▶ _MATERIAL PROVIDED_
>>>

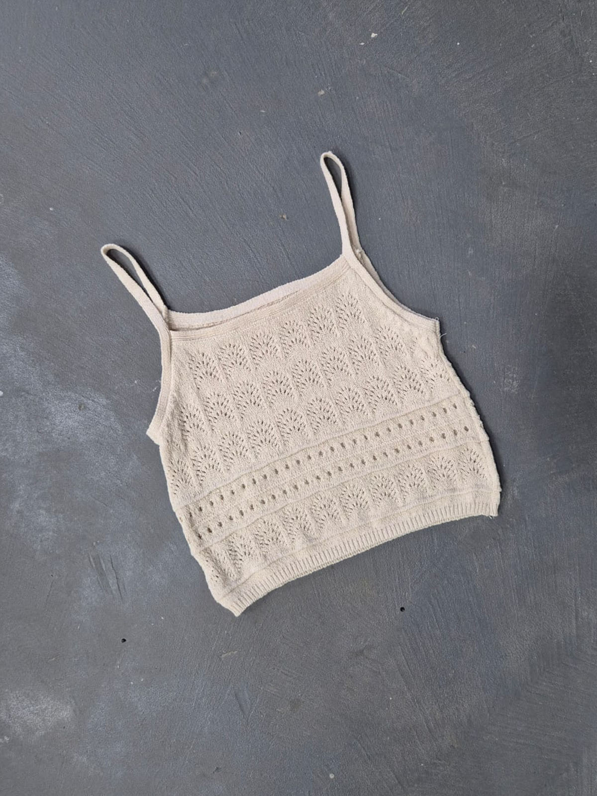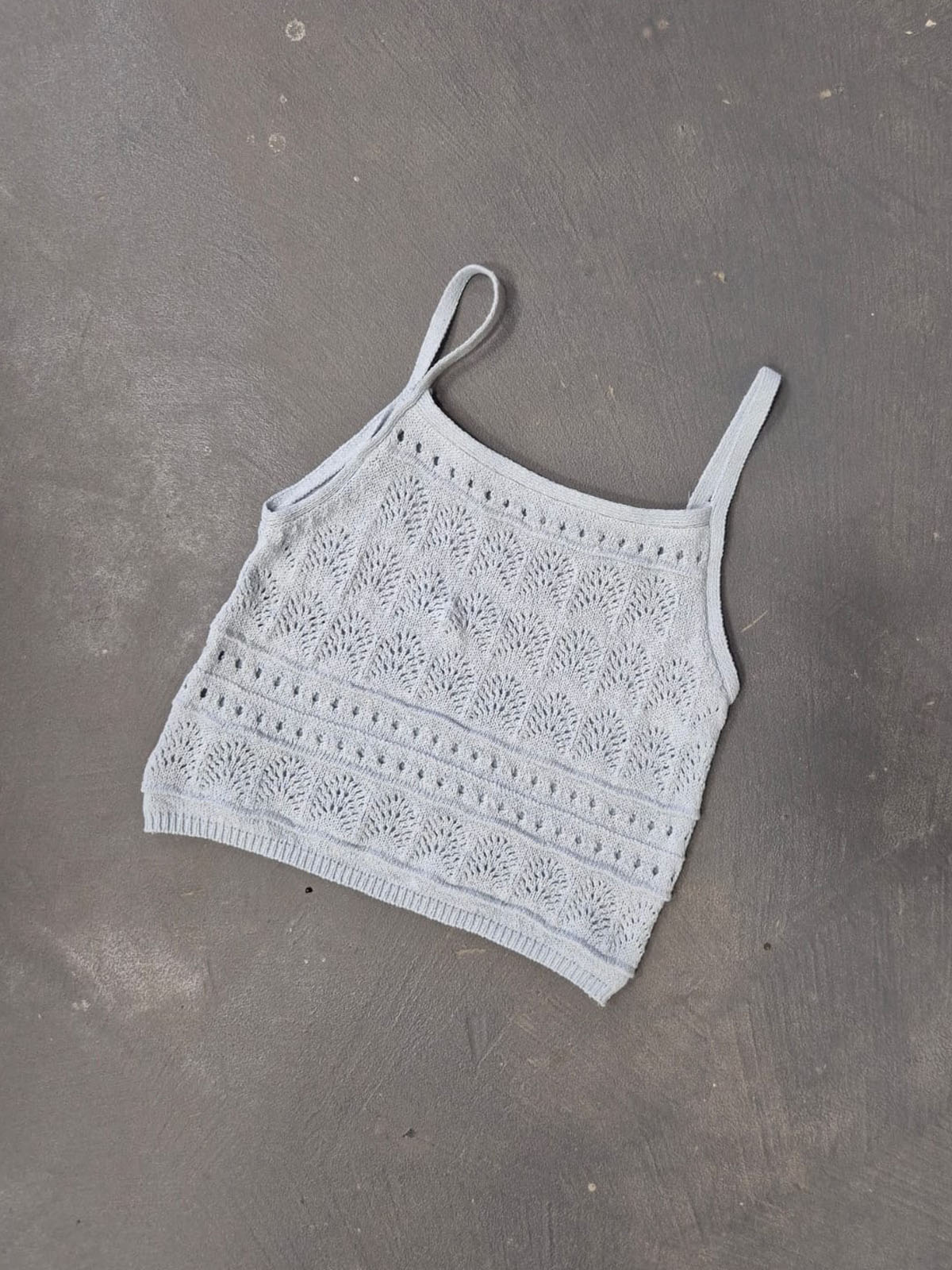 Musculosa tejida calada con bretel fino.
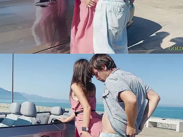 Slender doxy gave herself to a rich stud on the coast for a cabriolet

<<<
>>>

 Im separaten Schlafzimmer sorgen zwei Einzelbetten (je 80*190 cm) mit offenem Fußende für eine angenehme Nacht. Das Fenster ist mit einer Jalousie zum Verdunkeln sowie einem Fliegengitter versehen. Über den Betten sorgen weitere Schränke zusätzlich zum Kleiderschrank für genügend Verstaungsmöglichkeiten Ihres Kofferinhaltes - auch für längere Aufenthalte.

<<<

▶ _TASK INSTRUCTIONS_
From the material above, reproduce only what runs from the line holding "Musculosa tejida calada con bretel fino." down to the line holding "Slender doxy gave", both included, pictures excluded.

▶ _RESULT FOR THIS EXERCISE_
 Musculosa tejida calada con bretel fino.
 Slender doxy gave herself to a rich stud on the coast for a cabriolet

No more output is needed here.